[Dataset entries]
___
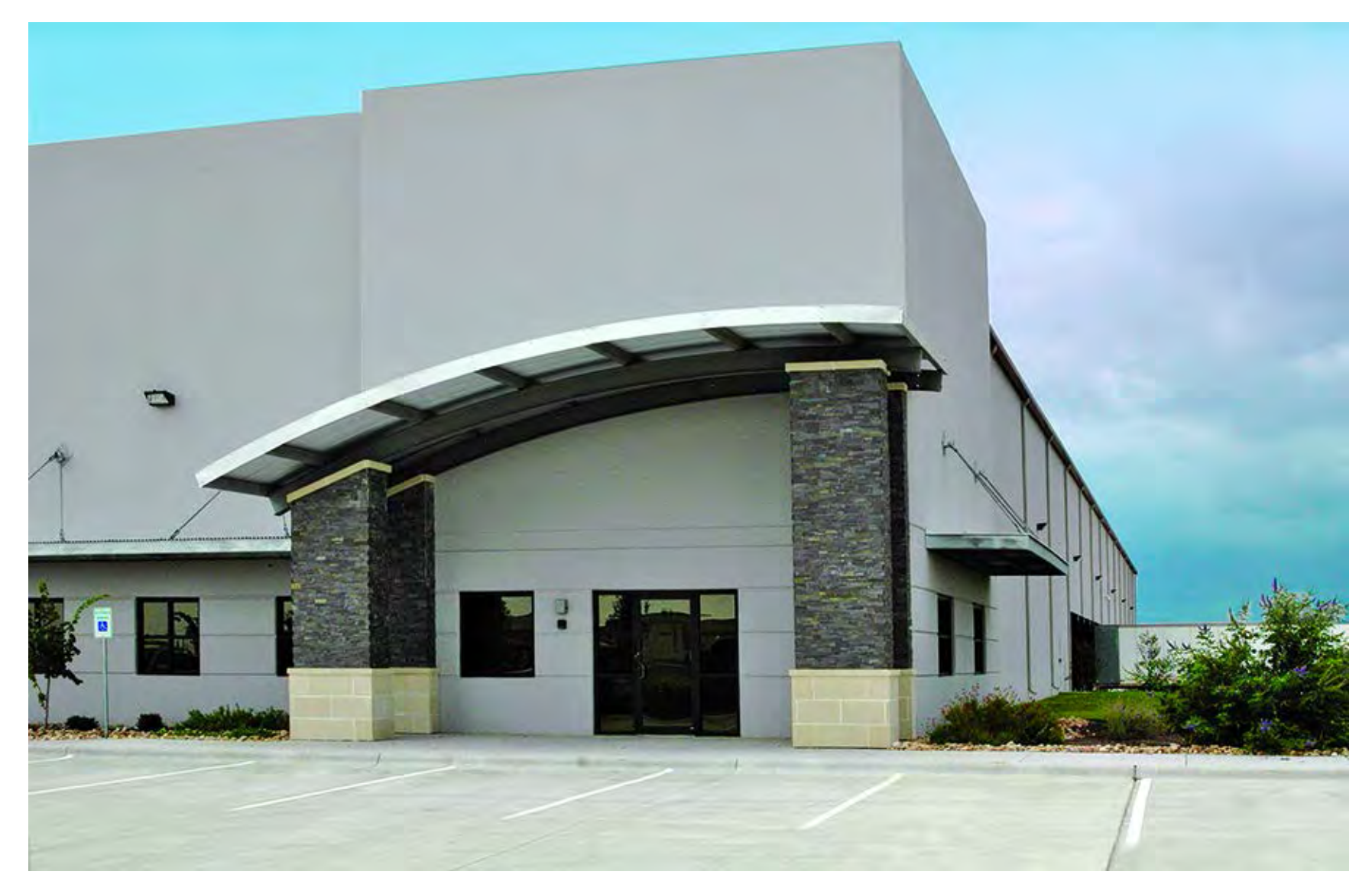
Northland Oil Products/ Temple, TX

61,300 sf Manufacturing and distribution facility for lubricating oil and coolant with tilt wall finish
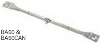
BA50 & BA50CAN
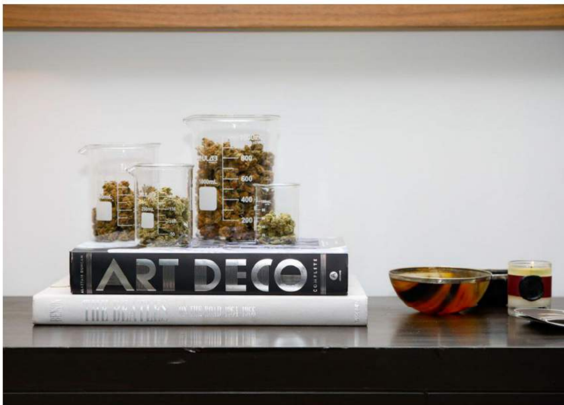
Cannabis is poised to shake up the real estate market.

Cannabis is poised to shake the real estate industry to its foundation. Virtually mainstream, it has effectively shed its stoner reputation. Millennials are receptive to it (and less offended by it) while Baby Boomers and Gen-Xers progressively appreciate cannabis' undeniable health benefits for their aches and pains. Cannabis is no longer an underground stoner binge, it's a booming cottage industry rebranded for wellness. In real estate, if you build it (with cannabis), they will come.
___
_Problem to work on_
Leave out the pictures and repeat exactly the lines from the one containing "BA50 & BA50CAN" through the last line of the entries.

_Response to the exercise_
BA50 & BA50CAN
Cannabis is poised to shake up the real estate market.

Cannabis is poised to shake the real estate industry to its foundation. Virtually mainstream, it has effectively shed its stoner reputation. Millennials are receptive to it (and less offended by it) while Baby Boomers and Gen-Xers progressively appreciate cannabis' undeniable health benefits for their aches and pains. Cannabis is no longer an underground stoner binge, it's a booming cottage industry rebranded for wellness. In real estate, if you build it (with cannabis), they will come.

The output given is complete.